After Iran’s attack on Israel: How does the Arab world react?

As of: April 14, 2024 2:14 p.m

There is still no official response from Arab governments to Iran’s attack. Experts from Egypt and Saudi Arabia criticize Tehran and see the states in the region in a mediating role.

There have so far been no official reactions from Arab governments, such as the one in Cairo, to Iran’s attack – but the political experts are in demand on Arab TV channels.

In the Egyptian channel Extra News, in the hands of the military on the Nile, Middle East expert Ramadan Abu Gazar has his say: “What worries Egypt is that the attack distracts from the Palestinian people,” said Gazar. Western society would have begun to understand for the first time the need to find a solution to the Palestinian cause. “Iran is now diverting that attention.” Prime Minister Benjamin Netanyahu could thus once again evade any pressure and demand further support.

Egypt, this statement can be interpreted, is concerned about the already stalled talks about a ceasefire in the Gaza Strip and also about its own role as a mediator.

States in the region see themselves in a balancing role

Bashir Abdel Fattah is a political scientist at the Al-Ahram Center for Strategic and Policy Studies in Cairo.

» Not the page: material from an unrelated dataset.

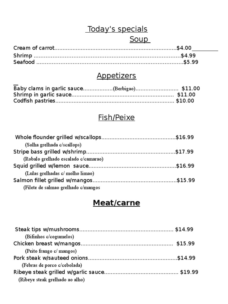 Baby clams in garlic sauce..................(Berbigao).......................... $11.00

On Sky News Arabia he pleads for restraint. This is also an assessment that probably corresponds to that of many Arab states: “The states in the region were keen to demand restraint from the parties to the conflict so that a confrontation would not occur,” says the political scientist. “There is no doubt that Iran would be pushed to act irresponsibly in a regional war.”

The states in the region played a balancing role between Israel and the USA on the one hand and Iran on the other, “the tip of the scales, so to speak”.

Iran “didn’t save face”

Wegdan Abdel Rahman is also a political scientist and Iran expert: “I followed social media and saw that people were making fun of the Iranian regime,” he said on the Saudi TV channel Al Hadath. “The street sees this attack as a failure. It was clear that Iran just wanted to save face.” But Iran didn’t do itself any favors with the nighttime attack, says Rahman. “It doesn’t save face.”

Jordan even came to Israel’s aid that night. Jordanian fighter jets apparently intercepted several Iranian drones and missiles. According to the Al-Mamlaka TV channel, the Jordanian cabinet announced this after a meeting. Accordingly, parts of a rocket hit the south of the capital Amman.